When Churches Neglect Payroll Taxes

Experts say this is an all-too-common problem—and one church leaders cannot ignore.

For about five years, a financial secretary for a 200-member church quit sending payroll tax money to the Internal Revenue Service.

Instead, she pocketed the funds.

When the IRS came knocking on the church’s door, it owed about $350,000, including penalties and interest, recalled Frank Sommerville, an attorney, CPA, and senior editorial advisor for Church Law & Tax.

“This individual was the sole person in charge of payroll and getting those payroll taxes paid,” Sommerville said. “So the end result was, the church had to sell its property and dissolve to pay the payroll taxes.”

In other cases, it may not be malfeasance that causes a church to neglect payroll taxes, but rather, financial problems within the congregation. Prioritizing the electric bill over the IRS, though, can have dire consequences, Sommerville warned.

A different church had a file folder marked “IRS.” Each time an envelope came in the mail from the IRS, the church would drop it in that folder, said Vonna Laue, a CPA and senior editorial advisor for Church Law & Tax.

A new church treasurer asked about the envelope and was told, “Oh, we’re tax-exempt. We don’t have to worry about anything from the IRS.”


“They had never opened the letters to realize they were notices of failure to file payroll taxes, so penalties and interest accrued really quickly,” Laue said. “Unfortunately, that’s not uncommon, whether they do it willfully or out of ignorance. It can really add up and get expensive in a hurry.”

A common issue for churches

Failure to file payroll taxes on time is a fairly common issue, several experts told Church Law & Tax.

“This is a big problem for smaller churches because they lack sufficient internal controls over the payment of payroll taxes,” Sommerville said. “The church needs to establish numerous checkpoints to assure that the payroll taxes have been paid.”

William Townes, vice president for finance for the Southern Baptist Convention’s executive committee, agreed, adding, “The church treasurer in many smaller churches is usually a volunteer position. Because of this, the volunteer treasurer may simply be unaware or uninformed of tax-filing requirements, which apply to all organizations, and the many consequences of not filing payroll taxes on a timely basis.”

The failure to “withhold and properly remit payroll taxes can include substantial late payment penalties,” Townes warned, “and willful failure to comply can also include felony charges, substantial fines, and possible imprisonment for the person responsible.”

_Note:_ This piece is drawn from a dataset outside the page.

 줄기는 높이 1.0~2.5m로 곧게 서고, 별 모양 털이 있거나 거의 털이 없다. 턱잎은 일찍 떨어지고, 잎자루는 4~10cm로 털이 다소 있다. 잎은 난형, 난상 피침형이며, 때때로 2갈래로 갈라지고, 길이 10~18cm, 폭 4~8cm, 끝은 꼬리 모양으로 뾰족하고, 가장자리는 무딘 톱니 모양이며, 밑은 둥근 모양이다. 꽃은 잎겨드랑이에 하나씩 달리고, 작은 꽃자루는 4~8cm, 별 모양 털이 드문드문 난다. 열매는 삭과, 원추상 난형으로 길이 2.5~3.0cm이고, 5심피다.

Michael Batts, a CPA and senior editorial advisor for Church Law & Tax, points to two main risk scenarios.

“One is where the payroll processing is done internally by church staff, using the church’s payroll software,” Batts explained, “and the risk is that the person(s) responsible for payroll do not actually remit the payroll taxes to the government.”

The second scenario involves an outside payroll firm. “The church uses an outside payroll processing company to process payroll,” Batts said, “and the church remits the payroll taxes to the processing company, but the processing company doesn’t remit them to the government.”

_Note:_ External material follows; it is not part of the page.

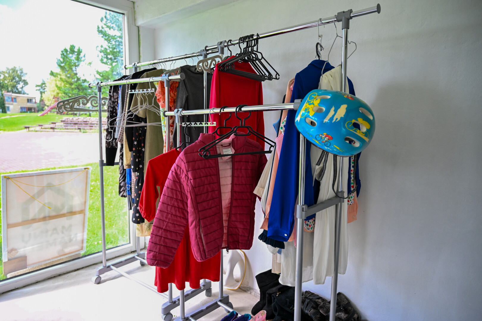 Mainams Ėriškių gyventojai atidavė skėtį, maudymosi kostiumų, skarelių, dviratininko šalmą. Tokių daiktų mainų namelyje buvo ir vakar.

Both scenarios can carry serious consequences.

“Either scenario is very bad,” Batts said, “and except in very limited circumstances—such as using a certified professional employer organization (CPEO)—the IRS will consider the church to be the employer and will look to the employer for payment, regardless of whether the employer previously remitted the payroll tax funds to a third-party processor.” (For additional information on CPEOs, go to IRS.gov and search “CPEOs.”)

Solving the problem

“An effective way to dramatically reduce this risk is to use a highly reputable and financially sound payroll processing company where the church is required to remit the payroll taxes,” Batts said.

There might be reasons, however, that a church would choose to handle payroll internally. A church might, for instance, have trouble justifying the cost and effort of using a third-party provider.

If that’s the case, a church needs to make sure it has someone on staff who is trained to handle the task and has proper oversight. And there are churches where this is the case, Townes said.

“Similar to many small businesses, many churches and other religious nonprofit organizations are operated by dedicated and competent individuals who correctly administer payroll deposits in accordance with federal rules and regulations,” he said.

But getting correct information about compliance is key. “It requires taking advantage of all available resources and making yourself familiar with the steps to correctly comply,” Townes explained. “This can be done through a host of IRS electronic resources and publications or through the ministries of many denominational organizations that offer publicly available resources for their churches.”

Still, some tax professionals are concerned that a church may unknowingly rely on unqualified internal staff or volunteers to handle payment of payroll taxes.

“Churches certainly can do it themselves, and I have seen some do that, but you really have to understand the competence of the individual involved,” Laue said. “If you’ve got someone who is a volunteer or a staff person for whom this is their job, and they’ve worked payroll for a number of years and understand all the intricacies of it, the person probably can do it and stay on top of it.”

On the other hand, she added, “If it’s someone whose job is to help the youth department and be the receptionist and write the accounts payable checks and, ‘Oh, by the way, you’re responsible for payroll, too,’ that’s probably a disaster waiting to happen.”

If an internal person is handling payroll taxes, then the church board or a business administrator—a committee or individual with financial oversight—needs to be reviewing the quarterly reports to confirm that the taxes were paid, Laue stressed.

Churches that do decide they have the ability to process payroll internally “should implement a ‘dual-control’ process to ensure that at least two approved individuals guarantee taxes are paid properly and on time,” Townes said. “If the church determines that they do not have the consistent expertise to administer payroll properly, they should seek a reputable and qualified third party to administer their organizational payroll.”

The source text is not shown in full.